Sunday, February 15, 2009

Fitness Follies of President's Past


Many presidents have been active in the White House, not just those of recent past. As a tribute to President's Day, let's take a look at some of those memorable ones of the past:

Upon seeking re-election in 1828, President John Quincy Adams(6th president 1825-1829), then 61, began to have reservations about how his declining health was affecting not only his chances of winning the election - but his family life as well. He decided to re-double his efforts, and continued his strenuous routine of riding between eight to 14 miles on horseback before breakfast and swimming in the Potomac(Teed 120).

President Theodore Roosevelt(26th president 1901-1909) was an avid boxer and rower. His father encouraged him to learn boxing after learning his son had several health ailments as a young boy, making him easy prey for school bullies. Roosevelt, who was also a young Sunday school teacher at his church, was scolded once for paying another boy a dollar after the boy showed up with a black eye after having fought a bully. At Harvard, he was a runner-up in the university's boxing championship.

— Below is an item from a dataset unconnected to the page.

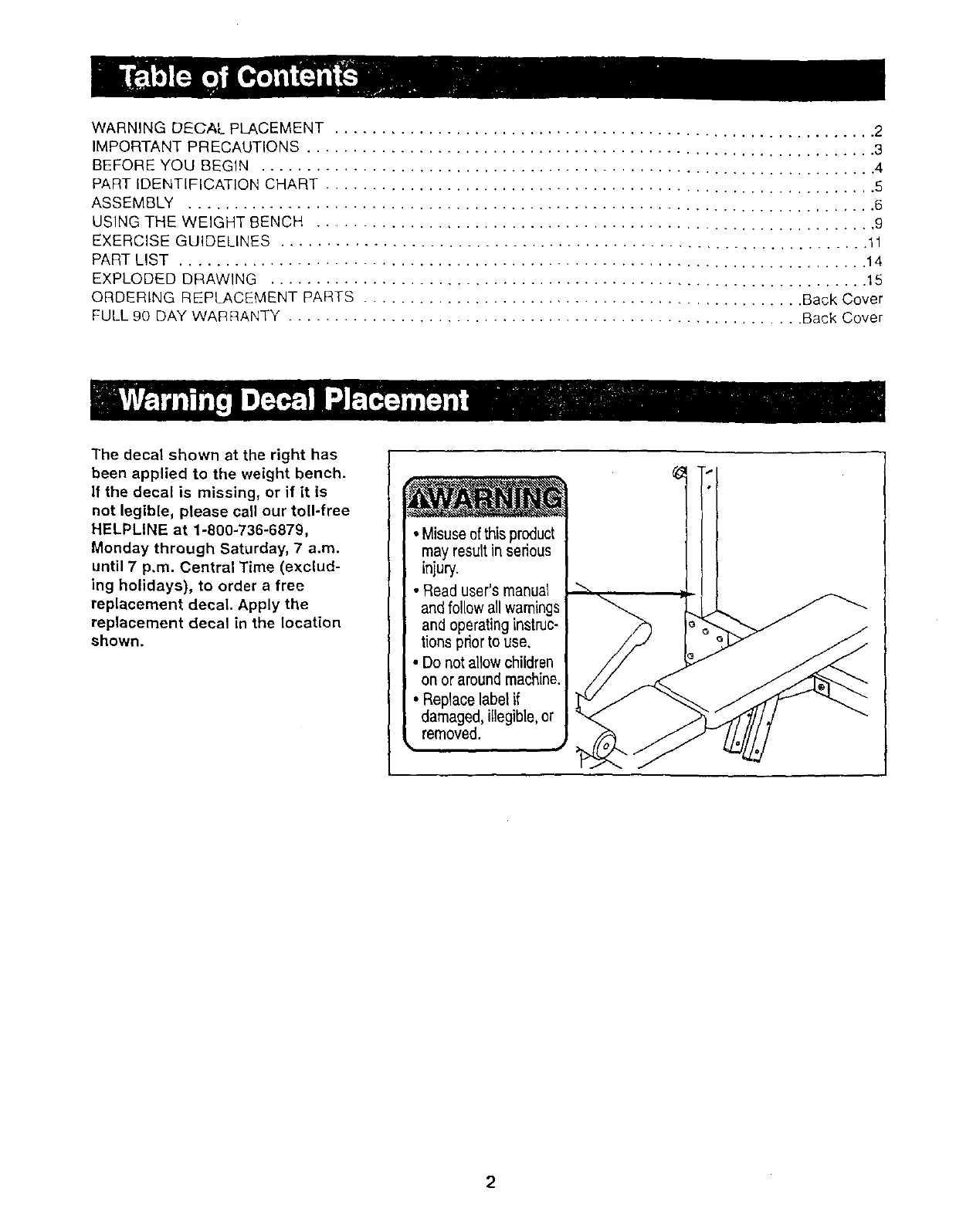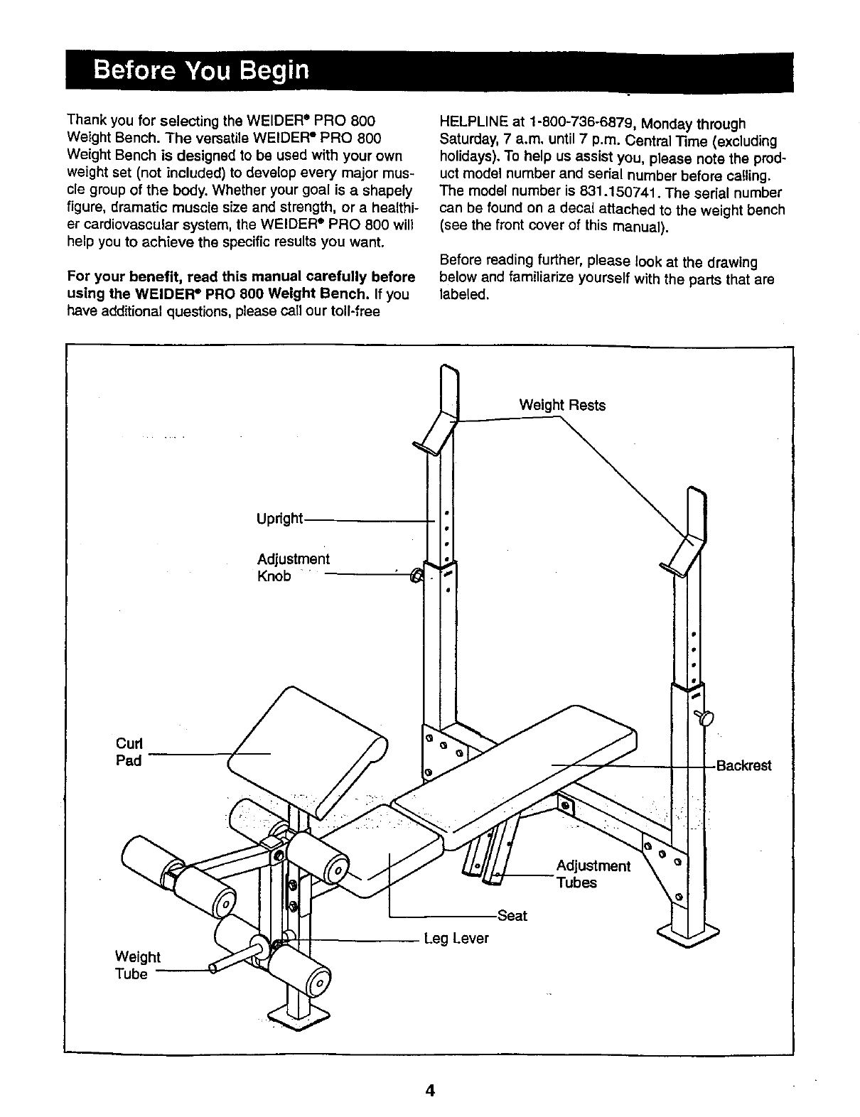 • The NAME of the product (WELDER ® PRO 800 Weight Bench)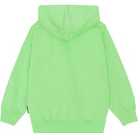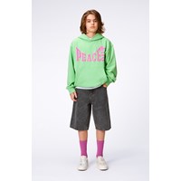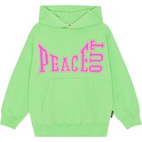 Grüner Hoodie mit platziertem Frontprint. Der Druck ist lila mit einer gelben Umrandung und sendet die Botschaft „Peace Out“. Der Pullover hat eine übergroße Passform, eine Kapuze, eine Kängurutasche und gerippte Bündchen und Hüften.

He continued boxing well into his adult life, even after he suffered a detached retina which left him blind on that side. He even permanently carried a bullet in his chest after a salonkeeper's bullet meant for the president's head went awry. Roosevelt decided surgery to remove the bullet was too risky. On a safari to Africa, Roosevelt suffered a severe leg injury and contracted malaria. Despite his ailments, he continued to box and espouse an active and conservationist lifestyle. For example, Roosevelt signed an executive order requiring marines to hike 50 miles in 20 hours, no small physical feat. That would require the soldier to walk at 2.5 mph...for the entire duration of the test, over unsteady ground in weather conditions with no rest! Many people don't know he is also the founder of the NCAA (National Collegiate Athletic Association), and his physical accomplishments are numerous(Wikipedia).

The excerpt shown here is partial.